The motorway would have been faster, better lit and with less ice, but the back roads carried less traffic. He kept his speed down, watched for ice, and studied road signs. Even on these roads, the journey should have been no more than forty to forty-five minutes, but the conditions meant they’d been travelling that long with no sign of their destination when Lennon’s mobile rang.
He checked the display. Sergeant Connolly’s number.
Why was he calling? He should have been at home with his family, enjoying Christmas like any other normal human.
“What’s up?” Lennon asked.
“Where are you?” Connolly asked.
“Driving,” Lennon said. He kept one hand on the wheel, his eyes on the fog-covered road.

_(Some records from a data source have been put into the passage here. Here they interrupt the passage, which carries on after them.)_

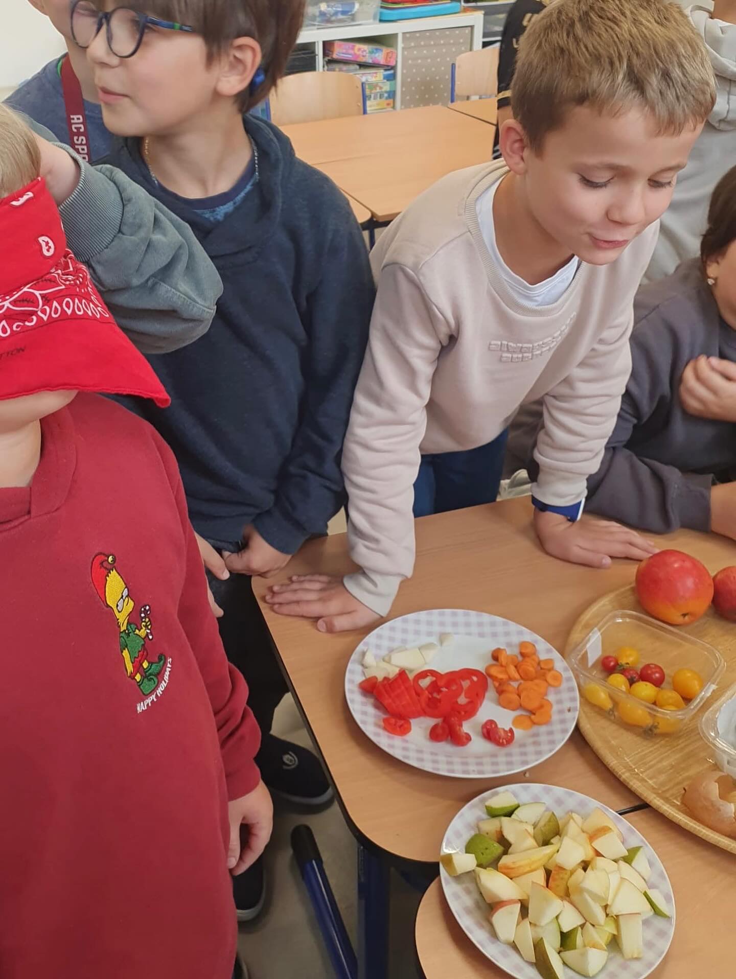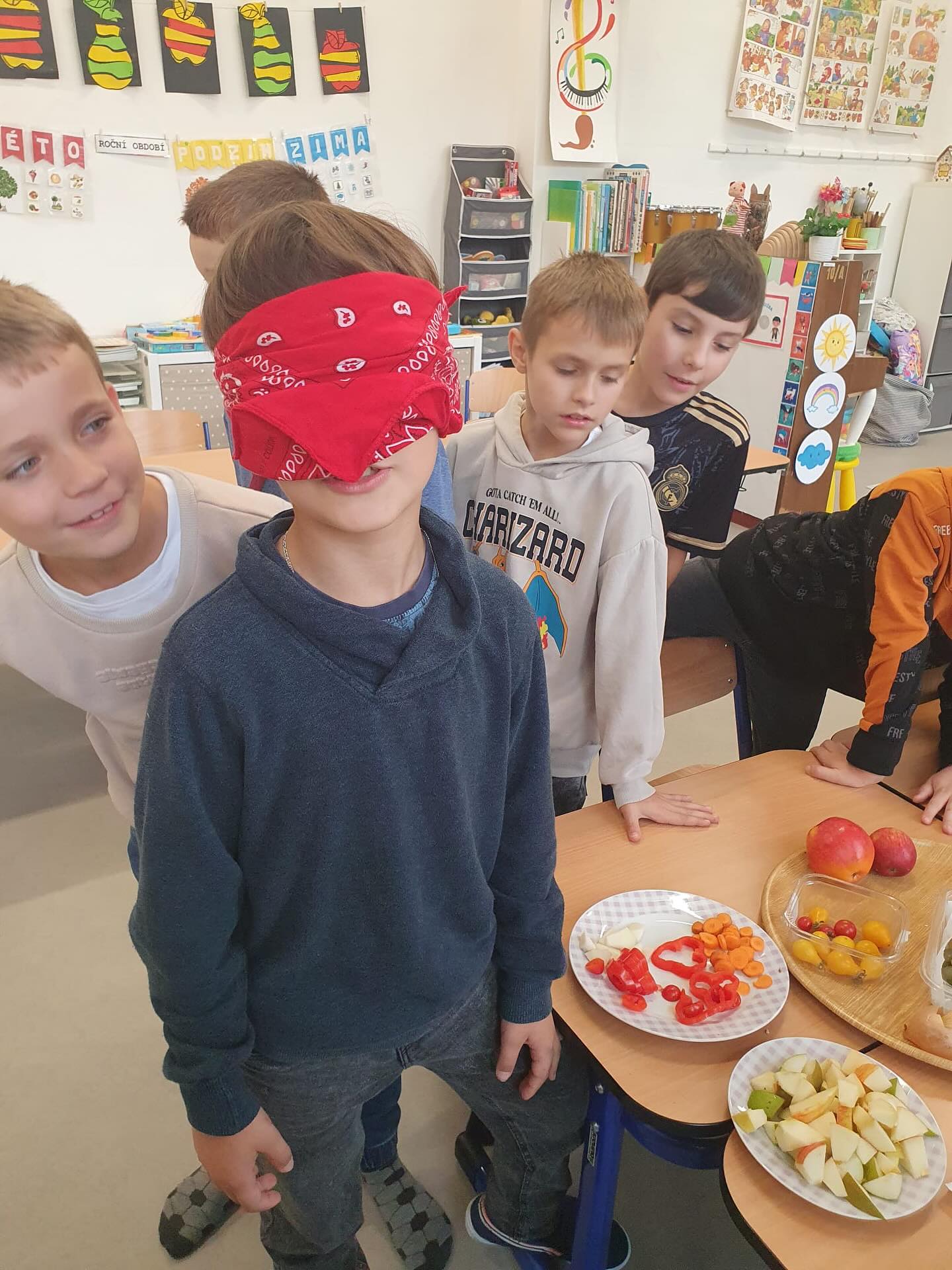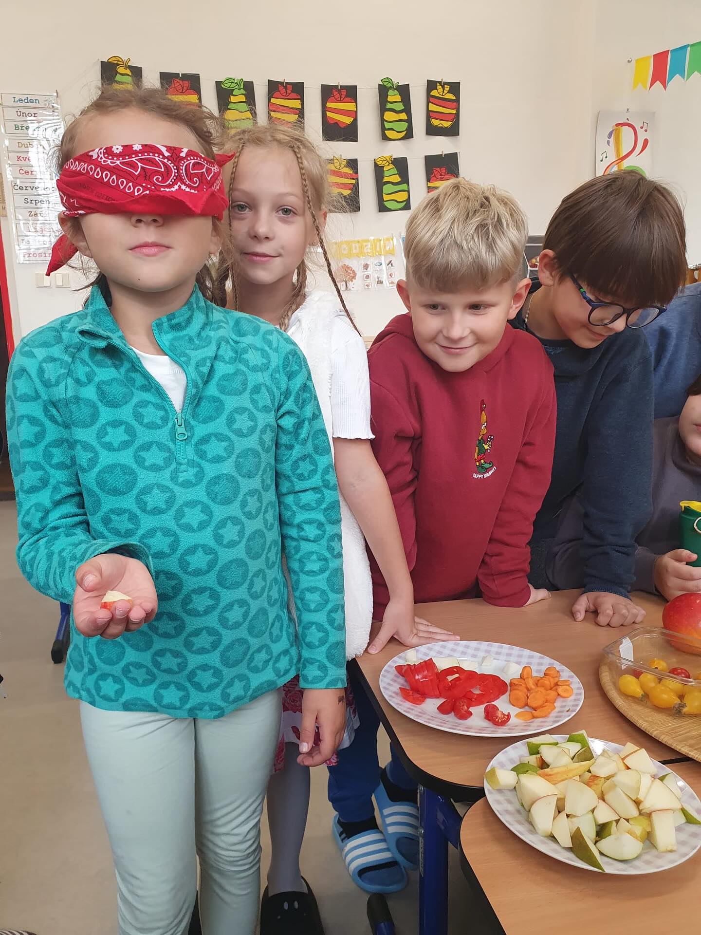 Týden jsme zahájili výstavkou ovoce a zeleniny, kde si žáci mohli prohlédnout a pojmenovat různé druhy plodů. Hráli jsme si na obchod, povídali si o vitamínech a zdravém stravování a tvořili podzimně laděné obrázky a výrobky. Velkým zážitkem byla ochutnávka ovoce a zeleniny poslepu, která žáky velmi bavila.
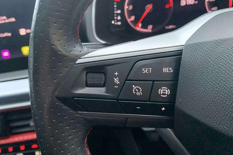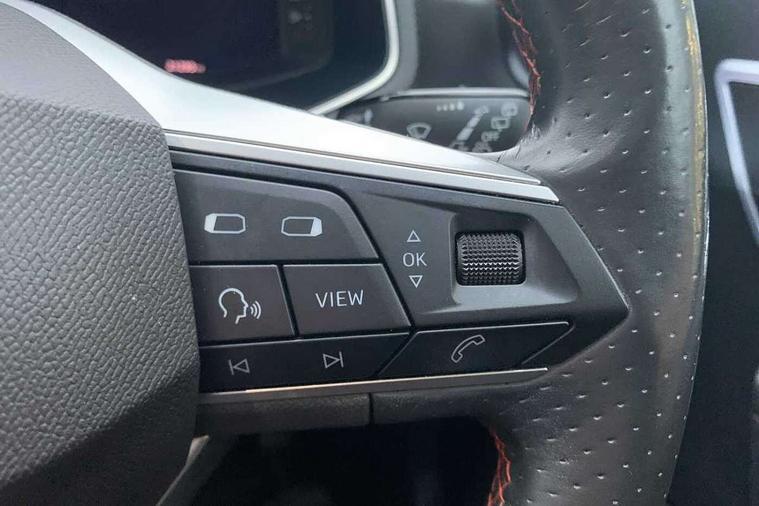'Lights On' Reminder warning buzzer, 9.2" touchscreen navigation system with type C USB socket, Voice control and DAB/AM/FM radio, Auto start and stop system, Bluetooth audio streaming with handsfree system, Digital clock, Digital cockpit, E-call, Full link smartphone integration with mirror link, wireless apple carplay, Google android auto + USB Type C cable for apple and android devices, Lane assist, Low fuel warning light, Outside temperature gauge, Power Steering, Seat connect with safety, service, remote and online, SEAT drive profiles and ECO function, SEAT logo boot release, Speed limiter, Trip computer, Sports suspension, Auxiliary input socket, Radio/MP3 player, SD card slot, Steering wheel mounted controls, Anti theft roof antenna, Auto dimming rear view mirror, Automatic rain sensing wipers, Black door mirrors, Body colour bumpers, Body colour door handles, Brilliant black window surrounds, Dark tinted rear windows, Electric adjustable/heated/folding door mirrors, Electric front windows, Electric headlight adjustment, Electric rear windows, Front/rear fog lights, FULL LED automatic headlights with dynamic headlight range control, coming and leaving home, LED daytime running lights, LED tail lights, Rear side wing doors, Rear spoiler with FR twin exhausts, Rear wiper, Third brake light, 3 seat bench in 2nd row, 60/40 split folding rear seat, Ambient interior lighting, Chrome detailing and black headlining, Comfort seats, Dual zone climate control with combination filter, Front courtesy lights, Front cupholders x 2, Front reading lights, Gear shift indicator, Glovebox, Height adjustable front and rear headrests (five), Height adjustable front seats, Height/reach adjust steering wheel, Illuminated air vent surrounds, Illuminated boot, Instrument lighting with brightness control, Isofix, Leather multifunction flat bottomed sports steering wheel, Microsuede cloth upholstery, Passenger sunvisor, Single front passenger seat, Storage pockets on back of front seats, Sunvisors with mirror and driver side card holder, 3 point seatbelts on all 3 rear seats, ABS, Active front headrests, Child locks on rear doors, Electronic stability control, Energy recovery system, Front assist forward collision warning and autonomous emergency braking, Front driver and passenger side airbags with curtain airbag and front passenger airbag deactivation, Hill hold control, Multi-Collision braking, Seat belt reminder for front and rear seats, Tiredness recognition system, Tyre pressure monitoring system, Electronic engine immobiliser, Locking wheel bolts, Perimeter alarm and interior monitoring with backup horn and tow away protection, Remote central locking + deadlocks, 18" Performance machined alloy wheels in black and grey,
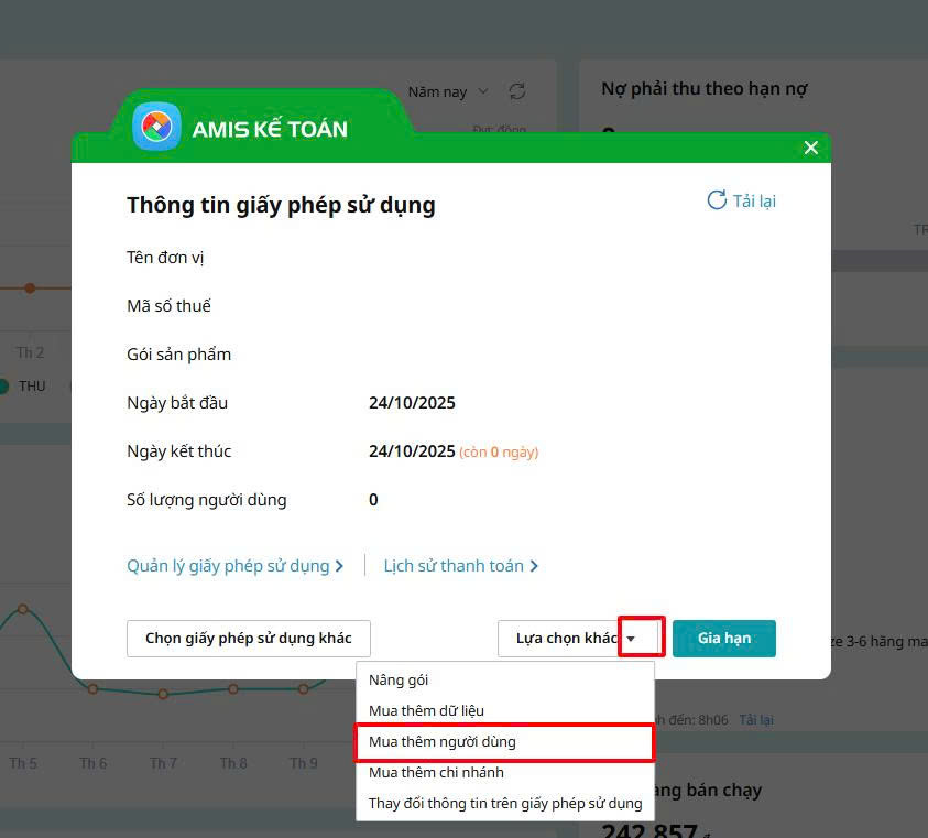 5. Làm thế nào để mua thêm người dùng/User trên AMIS Kế toán

“I called Ladas Drive, they said you were due there.”
“I didn’t make it that far yet,” Lennon said, avoiding the truth. “The weather.”
“Well, something’s come up,” Connolly said. “I got a call from a mate, a constable I was paired with when I came out of Garnerville. He was one of the boys watching Paynter at the hospital. I thought you’d want to know what he said.”
“Go on,” Lennon said.
“Paynter committed suicide.”
Lennon eased the Audi to the side of the road, slowed to a halt, flicked his hazard lights on.
“How?” he asked.
“He faked a seizure,” Connolly said. “In the commotion, he managed to grab an officer’s Glock. There was a standoff for a minute or two, at least that’s what I was told, and they thought he was going to make a break for it.”
“But he didn’t,” Lennon said.
“No,” Connolly said. “He announced that he’d killed eight women, and had no regrets about it. Then he put the gun in his mouth and blew his brains out.”